HOW TO COMPLETE THIS TASK: Beginning with the line that holds "入場儀式結(jié)束后,在", copy every remaining line of the listing below exactly, and leave the pictures out.
____________
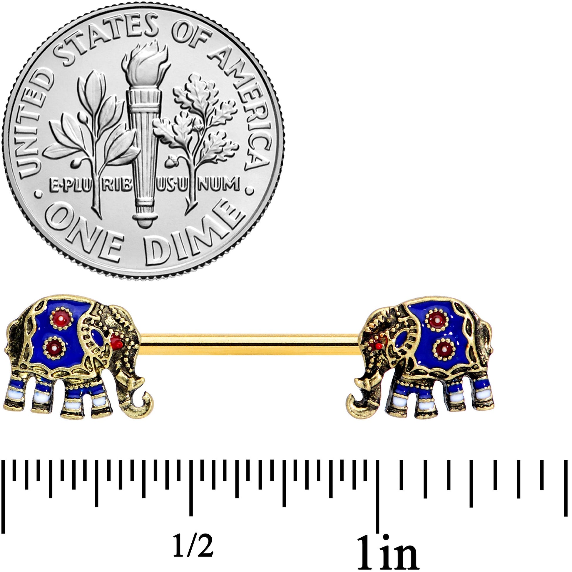 The elephants on this 14 gauge nipple jewelry are dressed to impress their fanciest finery! It's made with 14mm gold tone PVD over 316L surgical grade stainless steel straight barbells. The ends feature elephant charms heavily embellished with blue and red blankets across their backs and white bands around their legs. Add a lavishly ornate appearance to your nipple piercings with these elegantly embellished elephants! Sold as a set of two.Specifications
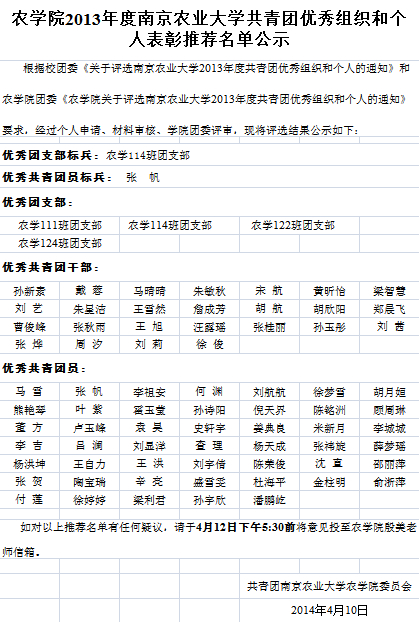 肉漫屋 2013年度肉漫屋 共青团优秀组织和个人表彰推荐名单公示
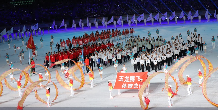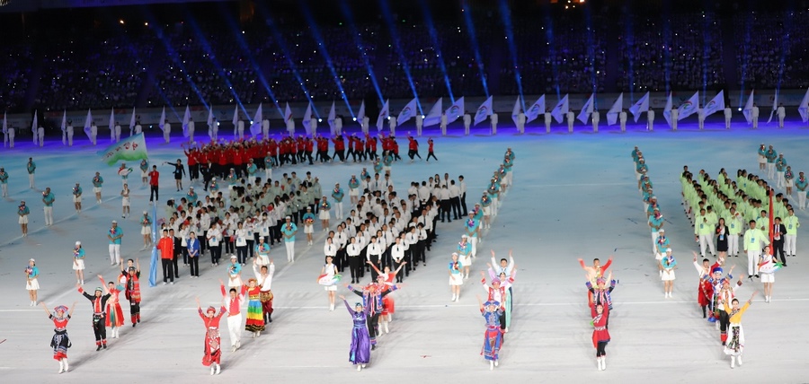 入場儀式結(jié)束后,在雄壯的國歌聲中,鮮艷的五星紅旗冉冉升起,在體育中心上空迎風飄揚。期盼的眼神,真摯的祝福,蕩漾在每個人的心間。開幕式文體展演隨后正式拉開帷幕。
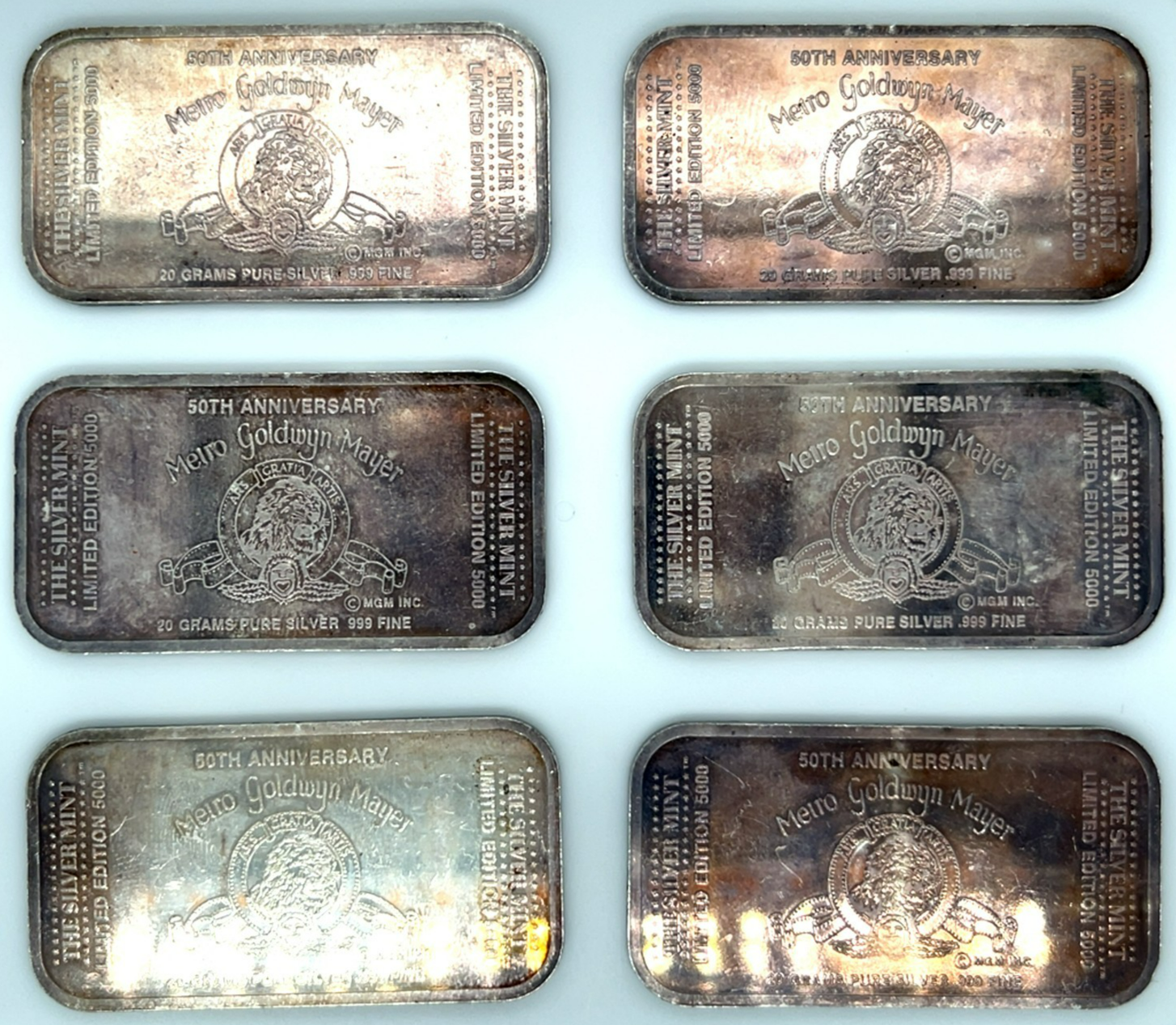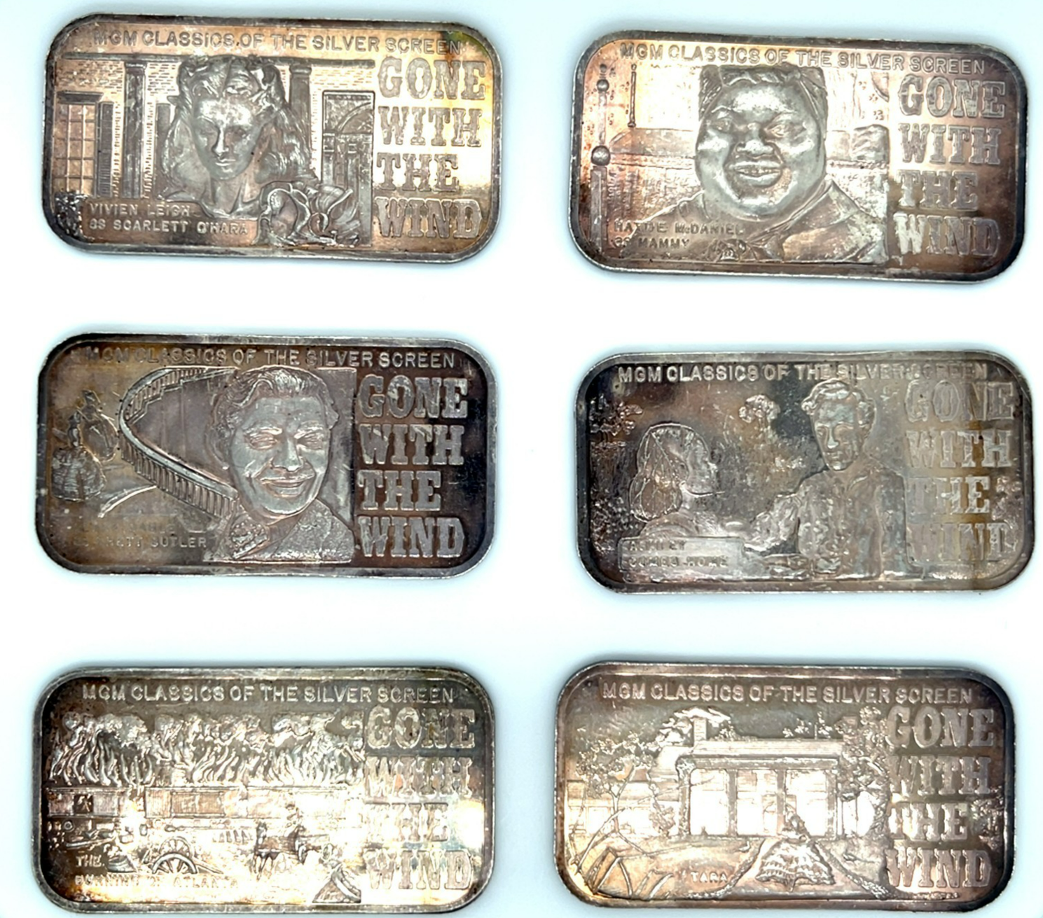 Gone With The Wind 20 gram Silver Art Bar Collection of 6 Bars Nicely Toned!
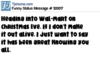 X says Heading into Wal-mart on Christmas Eve. If I don't make it out alive, I just want to say it has been great knowing you all.
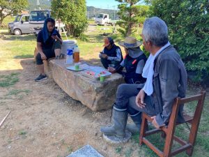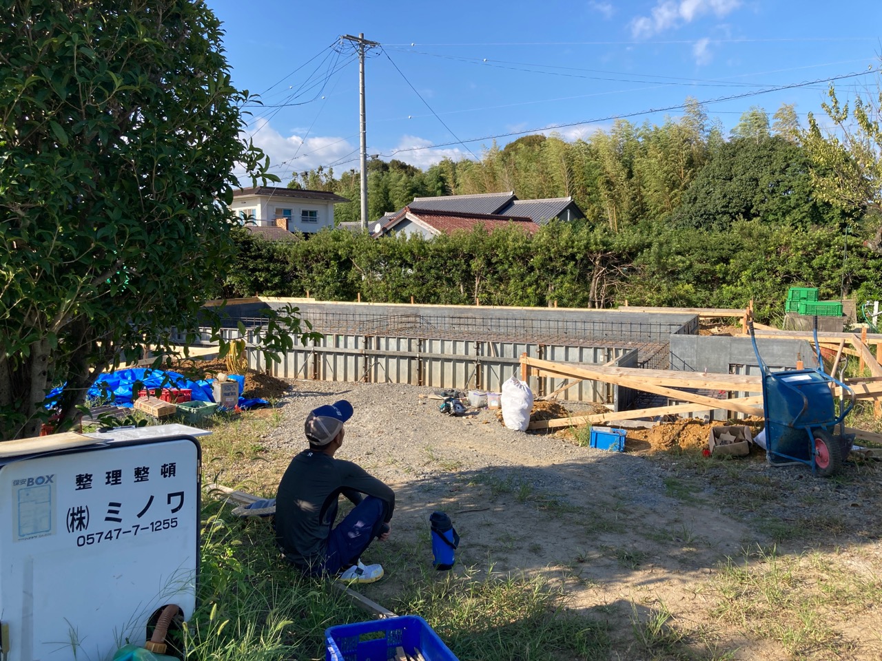 木陰で休憩中のk保木棟梁。土台伏せの日まで時間ができましたので基礎工事の手伝いに来ています。若手の棟梁が木造の仕事だけでなく、機があればその他の構造がどのようにできているのかを体感するのは研修としては良い経験ではないかと思います。
____________
TASK RESULT:
 入場儀式結(jié)束后,在雄壯的國歌聲中,鮮艷的五星紅旗冉冉升起,在體育中心上空迎風飄揚。期盼的眼神,真摯的祝福,蕩漾在每個人的心間。開幕式文體展演隨后正式拉開帷幕。
 Gone With The Wind 20 gram Silver Art Bar Collection of 6 Bars Nicely Toned!
 X says Heading into Wal-mart on Christmas Eve. If I don't make it out alive, I just want to say it has been great knowing you all.
 木陰で休憩中のk保木棟梁。土台伏せの日まで時間ができましたので基礎工事の手伝いに来ています。若手の棟梁が木造の仕事だけでなく、機があればその他の構造がどのようにできているのかを体感するのは研修としては良い経験ではないかと思います。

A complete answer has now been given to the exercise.